What you are asked to do>
All of the entries must be output exactly as they are.

Extracted data entries:
"""

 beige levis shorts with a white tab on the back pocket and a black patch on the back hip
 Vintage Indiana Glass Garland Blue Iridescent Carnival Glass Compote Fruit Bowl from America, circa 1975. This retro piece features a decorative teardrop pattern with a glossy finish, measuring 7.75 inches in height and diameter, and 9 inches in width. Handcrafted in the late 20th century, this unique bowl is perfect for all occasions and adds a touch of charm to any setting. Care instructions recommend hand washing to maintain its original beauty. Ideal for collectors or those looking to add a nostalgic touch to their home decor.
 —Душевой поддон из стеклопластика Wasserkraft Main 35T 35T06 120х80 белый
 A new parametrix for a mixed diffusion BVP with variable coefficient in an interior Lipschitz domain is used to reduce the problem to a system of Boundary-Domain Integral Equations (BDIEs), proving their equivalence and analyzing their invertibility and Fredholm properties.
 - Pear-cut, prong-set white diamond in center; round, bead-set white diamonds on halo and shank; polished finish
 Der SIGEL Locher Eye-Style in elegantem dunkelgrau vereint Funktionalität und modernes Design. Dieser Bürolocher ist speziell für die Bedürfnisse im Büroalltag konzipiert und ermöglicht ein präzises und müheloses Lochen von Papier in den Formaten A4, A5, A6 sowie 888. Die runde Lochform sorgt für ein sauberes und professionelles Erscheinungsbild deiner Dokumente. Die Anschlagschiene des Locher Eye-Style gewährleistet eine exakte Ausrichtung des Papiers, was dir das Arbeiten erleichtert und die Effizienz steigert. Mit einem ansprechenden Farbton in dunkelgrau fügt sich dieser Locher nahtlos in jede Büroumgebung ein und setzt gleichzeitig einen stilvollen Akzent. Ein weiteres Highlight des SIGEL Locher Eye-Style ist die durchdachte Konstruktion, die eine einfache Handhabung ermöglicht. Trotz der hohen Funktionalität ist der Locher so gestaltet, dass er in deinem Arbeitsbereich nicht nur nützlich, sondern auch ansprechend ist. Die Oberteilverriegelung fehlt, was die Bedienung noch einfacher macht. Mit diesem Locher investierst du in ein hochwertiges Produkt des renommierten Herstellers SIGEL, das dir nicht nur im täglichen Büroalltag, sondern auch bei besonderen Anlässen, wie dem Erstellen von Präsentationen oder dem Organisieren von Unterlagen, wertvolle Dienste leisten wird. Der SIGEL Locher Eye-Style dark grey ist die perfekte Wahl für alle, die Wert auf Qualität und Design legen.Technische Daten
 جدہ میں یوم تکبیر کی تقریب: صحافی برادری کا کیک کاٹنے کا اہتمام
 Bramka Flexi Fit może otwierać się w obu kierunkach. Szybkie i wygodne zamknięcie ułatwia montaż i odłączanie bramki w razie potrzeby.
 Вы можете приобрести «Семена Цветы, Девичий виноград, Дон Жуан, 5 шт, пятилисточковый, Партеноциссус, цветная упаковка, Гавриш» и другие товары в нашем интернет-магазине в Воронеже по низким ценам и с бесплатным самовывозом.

"""

Answer box>
 beige levis shorts with a white tab on the back pocket and a black patch on the back hip
 Vintage Indiana Glass Garland Blue Iridescent Carnival Glass Compote Fruit Bowl from America, circa 1975. This retro piece features a decorative teardrop pattern with a glossy finish, measuring 7.75 inches in height and diameter, and 9 inches in width. Handcrafted in the late 20th century, this unique bowl is perfect for all occasions and adds a touch of charm to any setting. Care instructions recommend hand washing to maintain its original beauty. Ideal for collectors or those looking to add a nostalgic touch to their home decor.
 —Душевой поддон из стеклопластика Wasserkraft Main 35T 35T06 120х80 белый
 A new parametrix for a mixed diffusion BVP with variable coefficient in an interior Lipschitz domain is used to reduce the problem to a system of Boundary-Domain Integral Equations (BDIEs), proving their equivalence and analyzing their invertibility and Fredholm properties.
 - Pear-cut, prong-set white diamond in center; round, bead-set white diamonds on halo and shank; polished finish
 Der SIGEL Locher Eye-Style in elegantem dunkelgrau vereint Funktionalität und modernes Design. Dieser Bürolocher ist speziell für die Bedürfnisse im Büroalltag konzipiert und ermöglicht ein präzises und müheloses Lochen von Papier in den Formaten A4, A5, A6 sowie 888. Die runde Lochform sorgt für ein sauberes und professionelles Erscheinungsbild deiner Dokumente. Die Anschlagschiene des Locher Eye-Style gewährleistet eine exakte Ausrichtung des Papiers, was dir das Arbeiten erleichtert und die Effizienz steigert. Mit einem ansprechenden Farbton in dunkelgrau fügt sich dieser Locher nahtlos in jede Büroumgebung ein und setzt gleichzeitig einen stilvollen Akzent. Ein weiteres Highlight des SIGEL Locher Eye-Style ist die durchdachte Konstruktion, die eine einfache Handhabung ermöglicht. Trotz der hohen Funktionalität ist der Locher so gestaltet, dass er in deinem Arbeitsbereich nicht nur nützlich, sondern auch ansprechend ist. Die Oberteilverriegelung fehlt, was die Bedienung noch einfacher macht. Mit diesem Locher investierst du in ein hochwertiges Produkt des renommierten Herstellers SIGEL, das dir nicht nur im täglichen Büroalltag, sondern auch bei besonderen Anlässen, wie dem Erstellen von Präsentationen oder dem Organisieren von Unterlagen, wertvolle Dienste leisten wird. Der SIGEL Locher Eye-Style dark grey ist die perfekte Wahl für alle, die Wert auf Qualität und Design legen.Technische Daten
 جدہ میں یوم تکبیر کی تقریب: صحافی برادری کا کیک کاٹنے کا اہتمام
 Bramka Flexi Fit może otwierać się w obu kierunkach. Szybkie i wygodne zamknięcie ułatwia montaż i odłączanie bramki w razie potrzeby.
 Вы можете приобрести «Семена Цветы, Девичий виноград, Дон Жуан, 5 шт, пятилисточковый, Партеноциссус, цветная упаковка, Гавриш» и другие товары в нашем интернет-магазине в Воронеже по низким ценам и с бесплатным самовывозом.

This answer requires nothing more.